> _Action item_
Please output the lines from the one with "Euphrosyne Andrews, MRSS" through the end of the data exactly as written, omitting all pictures.

*** Opening of Supplied information ***

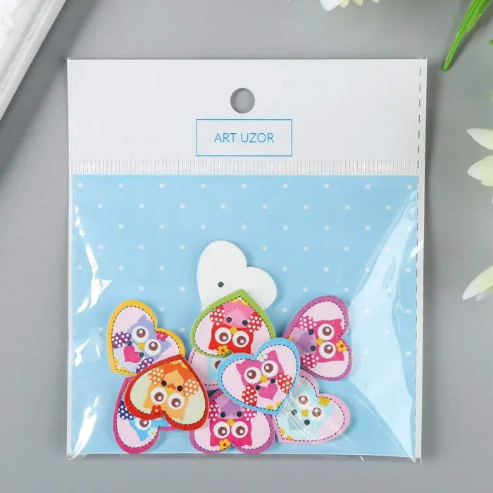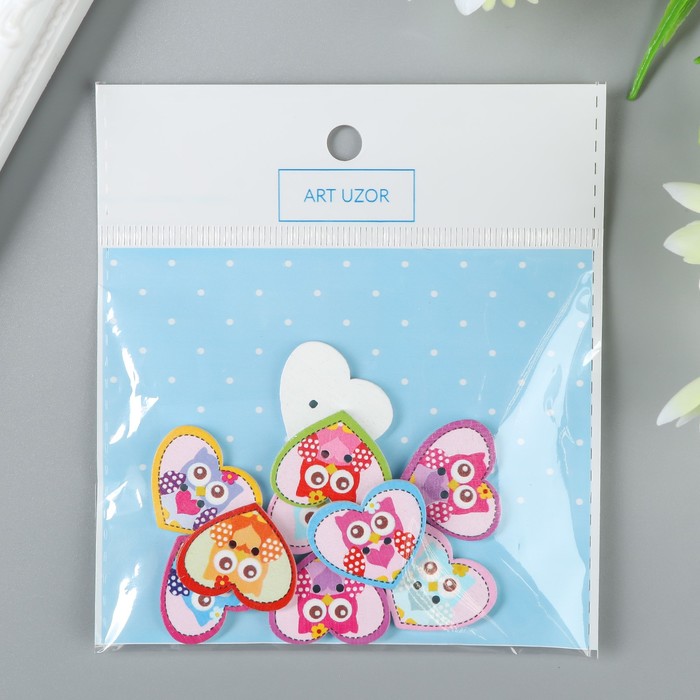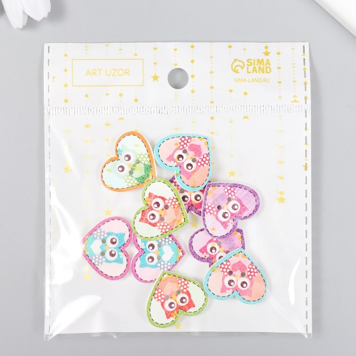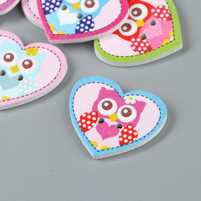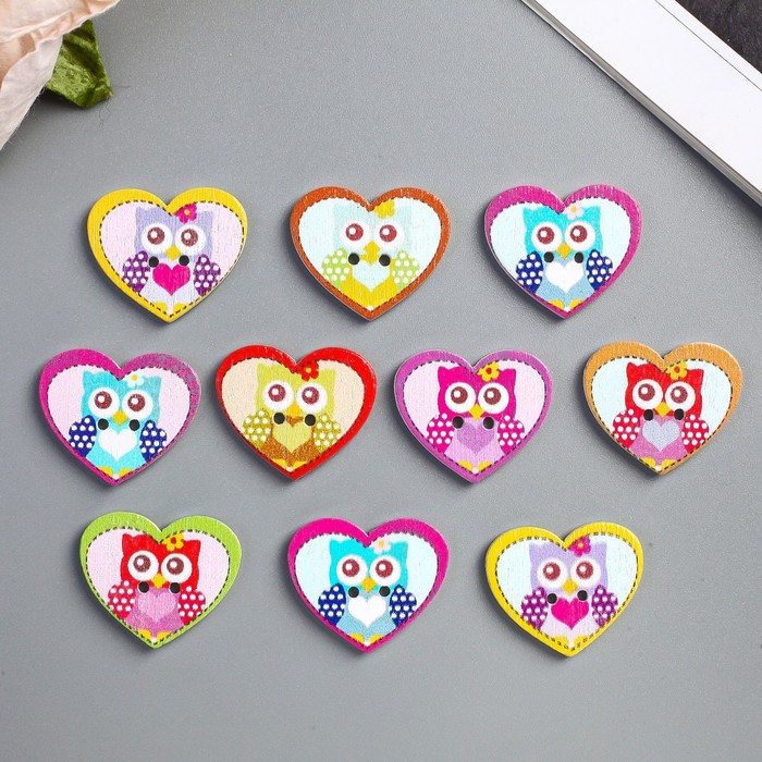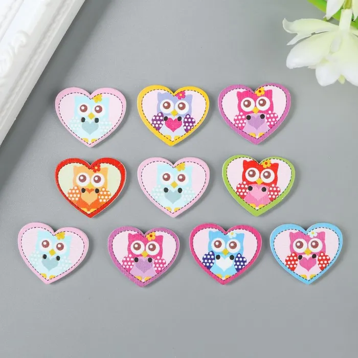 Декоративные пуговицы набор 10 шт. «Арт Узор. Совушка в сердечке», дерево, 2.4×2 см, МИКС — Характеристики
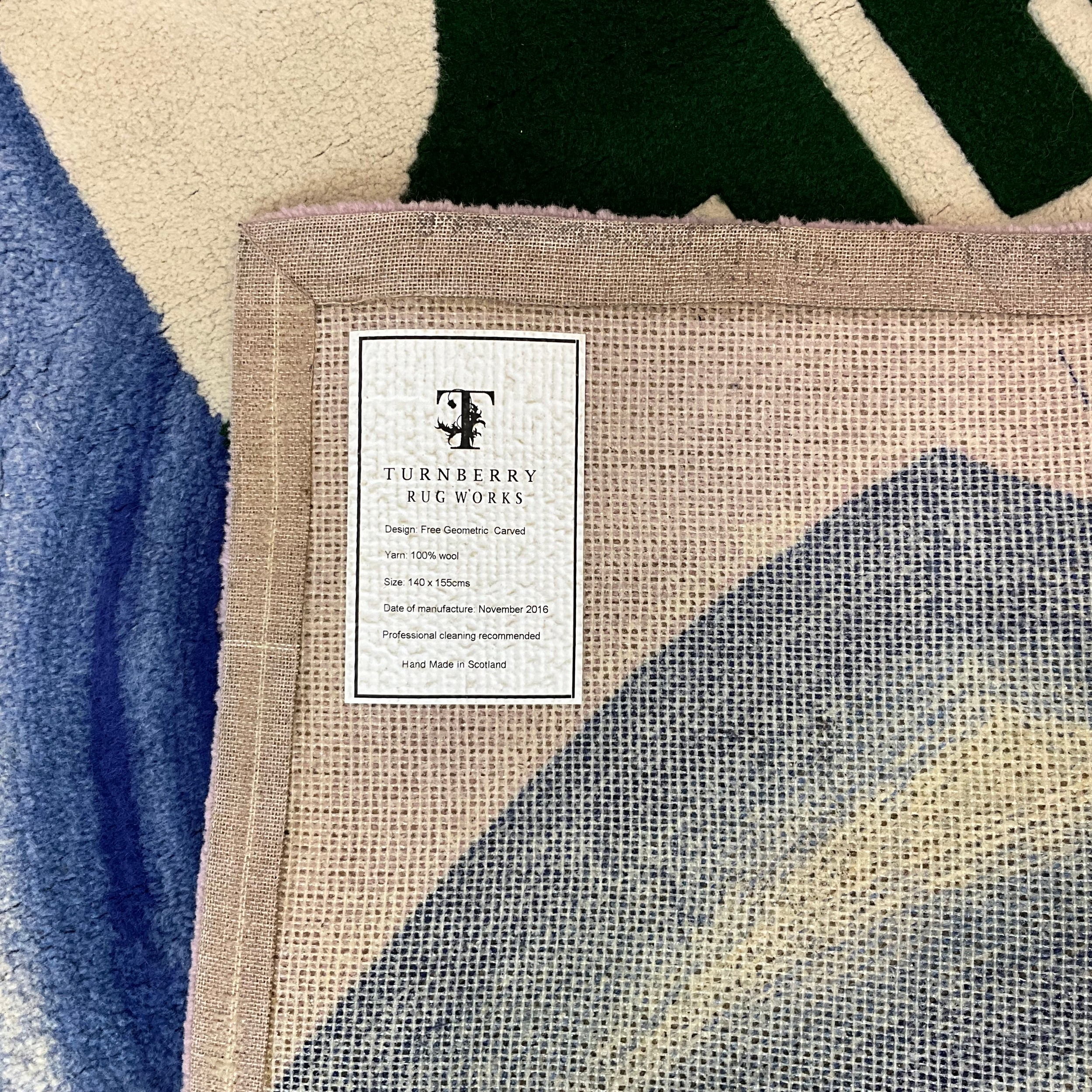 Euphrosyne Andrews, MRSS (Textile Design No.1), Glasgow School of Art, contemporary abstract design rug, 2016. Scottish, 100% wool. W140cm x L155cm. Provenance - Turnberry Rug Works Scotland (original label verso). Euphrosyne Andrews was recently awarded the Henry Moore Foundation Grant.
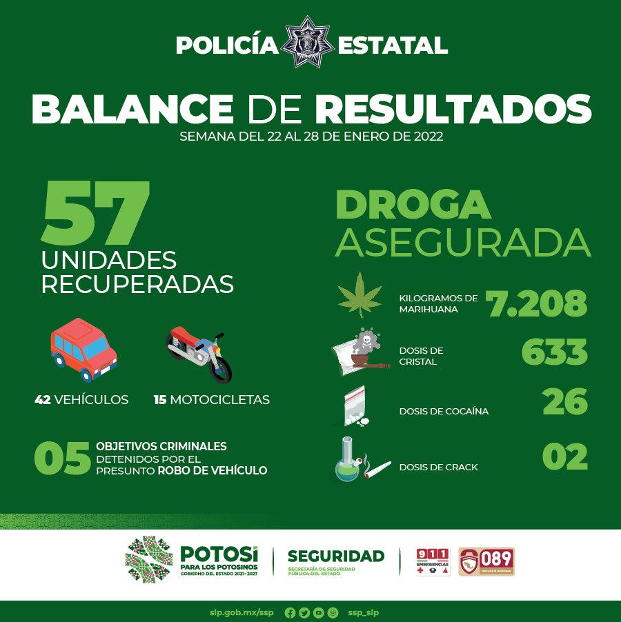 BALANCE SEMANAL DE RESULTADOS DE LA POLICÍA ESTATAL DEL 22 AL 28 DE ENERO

*** Close of Supplied information ***

> _Problem solution_
 Euphrosyne Andrews, MRSS (Textile Design No.1), Glasgow School of Art, contemporary abstract design rug, 2016. Scottish, 100% wool. W140cm x L155cm. Provenance - Turnberry Rug Works Scotland (original label verso). Euphrosyne Andrews was recently awarded the Henry Moore Foundation Grant.
 BALANCE SEMANAL DE RESULTADOS DE LA POLICÍA ESTATAL DEL 22 AL 28 DE ENERO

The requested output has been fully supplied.